Updated on 2024-04-02 GMT+08:00

Python Sample Code

Function

Submit a Flink SQL job to Yarn through Python APIs.

Sample Code

The main logic code in pyflink-sql.py is provided. Before submitting the code, ensure that file_path is the path where the SQL statement to be executed. You are advised to use a full path.

For details about the complete code, see pyflink-sql.py in flink-examples/pyflink-example/pyflink-sql.

import logging
import sys
import os
from pyflink.table import (EnvironmentSettings, TableEnvironment)
def read_sql(file_path):
    if not os.path.isfile(file_path):
        raise TypeError(file_path + " does not exist")
    all_the_text = open(file_path).read()
    return all_the_text
def exec_sql():
    # Change the SQL path before job submission.
    file_path = "datagen2kafka.sql"
    sql = read_sql(file_path)
    t_env = TableEnvironment.create(EnvironmentSettings.in_streaming_mode())
    statement_set = t_env.create_statement_set()
    sqlArr = sql.split(";")
    for sqlStr in sqlArr:
        sqlStr = sqlStr.strip()
        if sqlStr.lower().startswith("create"):
            print("---------create---------------")
            print(sqlStr)
            t_env.execute_sql(sqlStr)
        if sqlStr.lower().startswith("insert"):
            print("---------insert---------------")
            print(sqlStr)
            statement_set.add_insert_sql(sqlStr)
    statement_set.execute()
if __name__ == '__main__':
    logging.basicConfig(stream=sys.stdout, level=logging.INFO, format="%(message)s")
    exec_sql()
Table 1 Parameters for submitting a SQL job using Python

Parameter

Description

Example

file_path

Path of the datagen2kafka.sql file. You are advised to use a full path. Obtain the package from the secondary development sample code and upload it to the specified directory on the client.

NOTE:

If a job needs to be submitted as yarn-application, replace the following path:

file_path = os.getcwd() + "/../../../../yarnship/datagen2kafka.sql"

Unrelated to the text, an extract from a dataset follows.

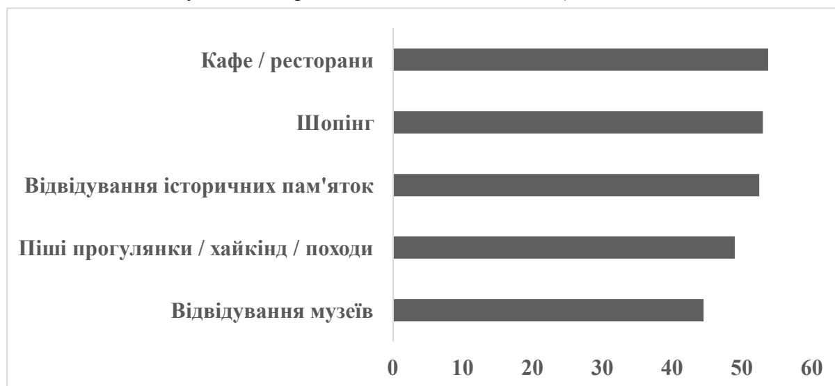
Рис. 3. Особливості молодіжної туристичної індустрії

file_path = /Client installation directory/Flink/flink/datagen2kafka.sql

The following is an example SQL statement:

create table kafka_sink (
  uuid varchar(20),
  name varchar(10),
  age int,
  ts timestamp(3),
  p varchar(20)
) with (
  'connector' = 'kafka',
  'topic' = 'input2',
  'properties.bootstrap.servers' = 'IP address of the Kafka broker instance:Kafka port number',
  'properties.group.id' = 'testGroup2',
  'scan.startup.mode' = 'latest-offset',
  'format' = 'json'
);
create TABLE datagen_source (
  uuid varchar(20),
  name varchar(10),
  age int,
  ts timestamp(3),
  p varchar(20)
) WITH (
  'connector' = 'datagen',
  'rows-per-second' = '1'
);
INSERT INTO
  kafka_sink
SELECT
  *
FROM
  datagen_source;